The change process can be unpredictable and quite challenging to an organization. Normally, change has an impact on the organization as a whole. Therefore, the administration of change must be carefully considered if the management wishes to get the desired results. Since adjusting to change is not easy for both the organization and the employees, choosing the most effective model remains paramount in managing change. This is irrespective of whether it is a change in structure or general operations. A company should, therefore, meticulously identify and select the right model for change management to ensure success and optimal results.
References
Balogun, J. (2006). Managing Change: Steering a Course between Intended Strategies and Unanticipated Outcomes. Long Range Planning, 39(1), pp.29-49.
choudhury, R. (2013). Managing Change. Journal of Hotel & Business Management, 03(01).
Gerth, C. and Luckey, M. (2012). Towards Rich Change Management for Business Process Models. Softwaretechnik-Trends, 32(4), pp.32-34.
MacPhee, M. (2007). Strategies and Tools for Managing Change. JONA: The Journal of Nursing Administration, 37(9), pp.405-413.
Morgan, R. and Page, K. (2008).

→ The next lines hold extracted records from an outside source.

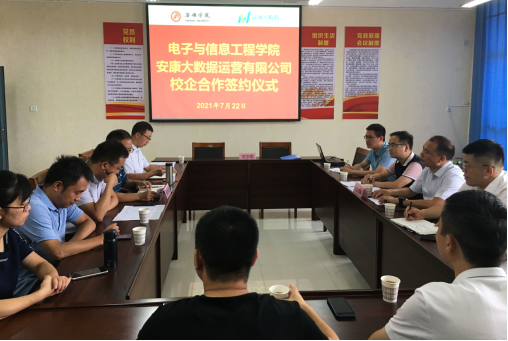 王克刚副院长与安康大数据运营有限公司王毅立副总经理代表双方签订校企合作协议。在随后的交流讨论中,双方表示一定会精诚团结,深入合作,做到优势互补、共同发展。
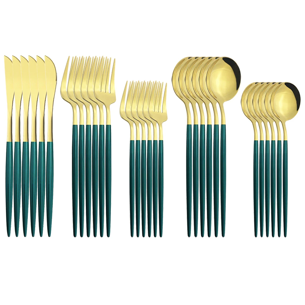 30 шт. зеленый золота приборы посуда Нержавеющаясталь набор столовых ножей вилки десертная ложка набор серебряных изделий набор столовой посуды для кухни
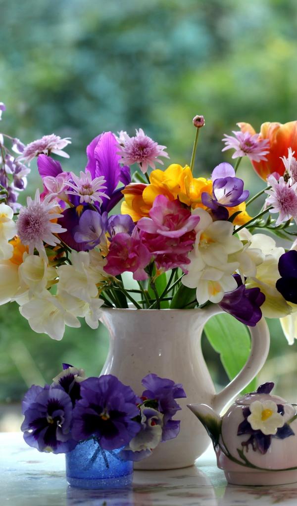 » Обои Букеты цветов на подоконнике
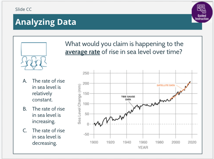 In general, what would you claim is happening to the average rate of rise in sea level over time?

Managing business transformation to deliver strategic agility. Strategic Change, 17(5-6), pp.155-168.
Shaw, D. (2015). Managing dualities in organizational change projects. Journal of Change Management, 16(3), pp.201-222.
Sherratt, S., Jefferies, M. and Awad, R. (2013). Proposing a New Model for Organizational Change Management. Change Management: An International Journal, 12(3), pp.17-28.
Van de Ven, A. and Sun, K. (2011). Breakdowns in Implementing Models of Organization Change. Academy of Management Perspectives, 25(3), pp.58-74.